Herceg Novi, Montenegro

June 04-07

Title of Paper: ITERATIVE DETECTION OF CHANGE IN MEDICAL IMAGES USING BEE COLONY OPTIMIZATION AND BLOCK DIVISION

Authors: N. Milosavljević, N. Ralević, D. Ćebić, D. Denčić, V. Ilić

Abstract: Detecting changes in medical images is crucial for accurate diagnosis and treatment planning, particularly in identifying tumors and cancerous growths. This paper presents an iterative detection approach based on Bee Colony Optimization (BCO) and block division to enhance the accuracy of identifying manipulated or altered regions within medical images. The method begins by segmenting the image into fixed-size blocks, ensuring that dimensions are optimized for efficient processing. Using BCO, an intelligent swarm-based optimization technique, the algorithm iteratively refines the search for regions of interest by identifying the most similar blocks. These blocks are further divided and analyzed over multiple iterations to enhance precision while minimizing false positives. The convergence of the iterative process ensures that consistently similar blocks are retained, indicating potential anomalies or tampered regions. Experimental results demonstrate that the model effectively detects structural changes in medical images, with significant potential for tumor detection, cancer diagnosis, and digital forensics in medical imaging. This approach contributes to the reliability of medical image analysis, assisting radiologists and forensic experts in verifying the authenticity and accuracy of critical visual data. The proposed method will be implemented in Python, leveraging efficient similarity analysis and optimization strategies.

INFUS 2025

Istanbul, Turkey

July 29-31

Title of Paper: Calculation of Descriptors of Fuzzy Geometric Objects

Authors: N. Ralević, V. Ilić, A. Blesić, T. Došenović

Abstract: The paper discusses the basic concepts of fuzzy analytic geometry, such as fuzzy point, fuzzy line, fuzzy curve and polygons in the plane, together with the concept of fuzzy distance.

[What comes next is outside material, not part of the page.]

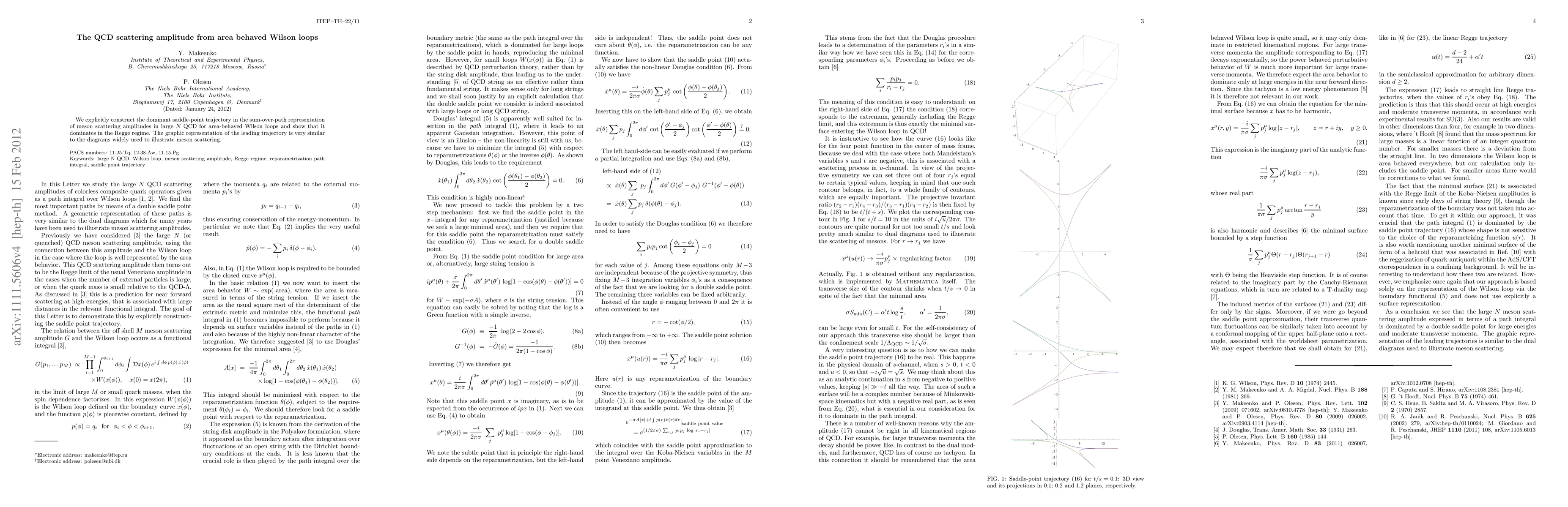 We explicitly construct the dominant saddle-point trajectory in the sum-over-path representation of meson scattering amplitudes in large $N$ QCD for area-behaved Wilson loops and show that it dominates in the Regge regime. The graphic representation of the leading trajectory is very similar to the diagrams widely used to illustrate meson scattering.

There are several different definitions of such concepts in the literature to date. In this paper, we will follow an approach based on the extension of existing concepts in the sharp case. In addition, we consider various fuzzy shape descriptors and their associated measures, such as area, perimeter or elongation, which can be considered in both the sharp and fuzzy approaches. The properties of the new descriptors and their applicability in object recognition and classification tasks are also discussed.

Sym-op-is 2025

Palić, Serbia

September 07-10

Title of Paper:  VARIANTS OF THE MINIMUM ERROR THRESHOLDING METHOD FOR IMAGE SEGMENTATION

Authors: D. Ćebić, N. M. Ralević, N. Milosavljević

Abstract: Image segmentation is an important problem because it enables meaningful partitioning of an image and extraction of relevant structures and features, facilitating further processing and decision-making. Various approaches have been proposed to address this problem, with one of the simplest and most commonly used being segmentation based on thresholding. This research relies on the classic and well-known Minimum Error Thresholding (MET) method, specifically employing a simple idea of linearly combining the MET method with its median-based extension, creating three modifications of MET method in order to improve thresholding results in terms of quality coefficients such as Mean Square Error (MSE) and Structural Similarity Index Measure (SSIM). Several experiments on some standard gray-level images have demonstrated that the proposed modifications improve segmentation performance, as confirmed by MSE and SSIM indices.

SISY 2025

Subotica, Serbia

September 25-27

itle of Paper: Construction of distance functions on a set of fuzzy numbers

Authors: Lj. Nedović, Đ. Dragić, N. Ralević, A. Blesić

Abstract: In this paper, we present a new method of construction of the distance function between fuzzy numbers, i.e., the measure of difference between the two of them. This method is based on the application of some aggregation functions on differences of certain fuzzy number parameters and characteristics. Various types of mean values and measures of dispersion are characteristics that are relevant for determining the difference between two fuzzy numbers. To determine the distance (i.e., difference) between the two of them, in this paper we use some their known characteristics, and we define several new ones.